As time goes by, new technologies are generated that in one way or another facilitate and optimize activities that are developed by human beings, for instance, unmanned aerial vehicles (UAVs), which can perform functions ranging from carrying out missions for search and rescue, and surveillance; until carrying out activities oriented to the collection of geological data [1–3]. A good example is the case of the Ingenuity UAV that is part of the Mars 2020 mission, which has the task of exploring the surface of the planet Mars to plan the best route for the Rover Perseverance to follow. To achieve this objective, it is necessary to develop an automatic flight system, which in turn requires a flight data acquisition system. These data can be processed by a closed control system (flight controller) and determine the orders to be followed by the aircraft's operating surfaces [1, 4].

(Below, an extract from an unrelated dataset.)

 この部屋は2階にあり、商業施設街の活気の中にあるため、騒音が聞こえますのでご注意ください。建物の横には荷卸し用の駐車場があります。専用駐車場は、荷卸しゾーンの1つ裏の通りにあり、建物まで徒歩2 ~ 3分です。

The objective of the work is to know the status of the UAV during the flight (the flight parameters), as well as the aerodynamic characteristics that are calculated in real time, and to be able to determine the best UAV flight regime as well as to be able to serve as input signals for an automatic control system. The drone has been manufactured and programmed from scratch. Within the flight data we can find parameters such as: height, spatial position and geoposition, flight speed, consumption and performance of the brushless motor. Special care has been taken in obtaining the spatial position; since the use of Euler angles to describe the UAV's spatial orientation is exposed to the gimbal block, the system was programmed to obtain quaternions and is subsequently converted to Euler angles (for later visualization) using of the formulas exposed in . The microcontroller used is an ARM-Cortex M7 which is mounted on the STM32F103C8 board. This microcontroller together with the code, programmed in C, oversee instructions for the data acquisition to be written in the microSD, where they will be stored for posthumous analysis by the pilot. The microcontroller used has the following characteristics: 32 bit / ARM architecture and 64 KB flash memory. On the other hand, the code used has a series of libraries, corresponding to each of the sensors that we have used.

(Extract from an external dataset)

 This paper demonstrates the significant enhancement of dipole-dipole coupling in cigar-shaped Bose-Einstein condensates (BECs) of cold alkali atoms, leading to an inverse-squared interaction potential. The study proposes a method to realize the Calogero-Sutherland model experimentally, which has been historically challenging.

The results obtained in flight tests show that the system can collect flight data from takeoff to landing, calculating the aerodynamic characteristics in real time, and saving the data in real time in a microSD memory. The sensor data was observed to have one of the following two errors, random error, or dynamic error. To reduce these errors in future work, it is proposed to use complementary filters and Kalman filters. It was also observed that the speed of response is slower the more sensors are included in the system, so a real-time operating system will be developed to effectively manage the tasks (data collection from each sensor).